DATA PROVIDED:
*** Begin section ***

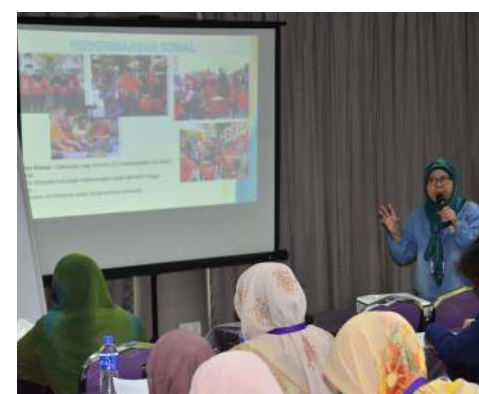
Malaysian Down Syndrome Association talked about teaching method of reading to students with down syndrome
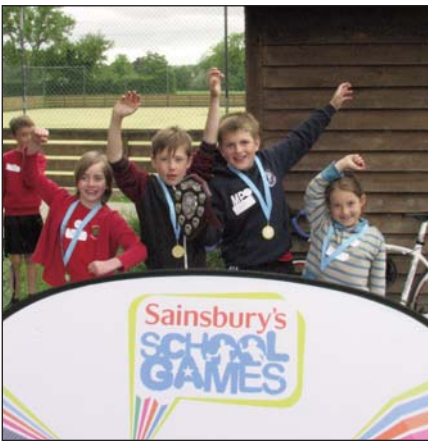
WE DID IT: Haslingfield's winners celebrate their success.

children really enjoyed themselves and loved having a go at all the different sports on offer. There were no prizes for winners on the day as it was all about the children having a go and giving it their personal best and we hope we have inspired some of them to give sport a go and get more involved. "We couldn't do it without the support of the local secondary schools so I must thank the staff and leaders from Impington, Cottenham, Swavesey, Comberton, Melbourn and Linton Village Colleges as well as Cambridge Regional College. "They did an amazing job on the day organising all of the activities and leading the children; offering them encouragement and support as they gave it their best."
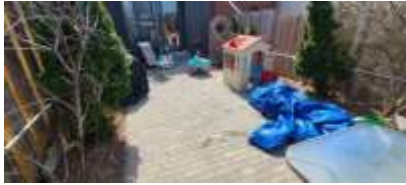
Pic. 4: Patio

*** End section ***

I need the lines from the line holding "children really enjoyed" through the end of the material, inclusive, restated word for word and without pictures.

children really enjoyed themselves and loved having a go at all the different sports on offer. There were no prizes for winners on the day as it was all about the children having a go and giving it their personal best and we hope we have inspired some of them to give sport a go and get more involved. "We couldn't do it without the support of the local secondary schools so I must thank the staff and leaders from Impington, Cottenham, Swavesey, Comberton, Melbourn and Linton Village Colleges as well as Cambridge Regional College. "They did an amazing job on the day organising all of the activities and leading the children; offering them encouragement and support as they gave it their best."
Pic. 4: Patio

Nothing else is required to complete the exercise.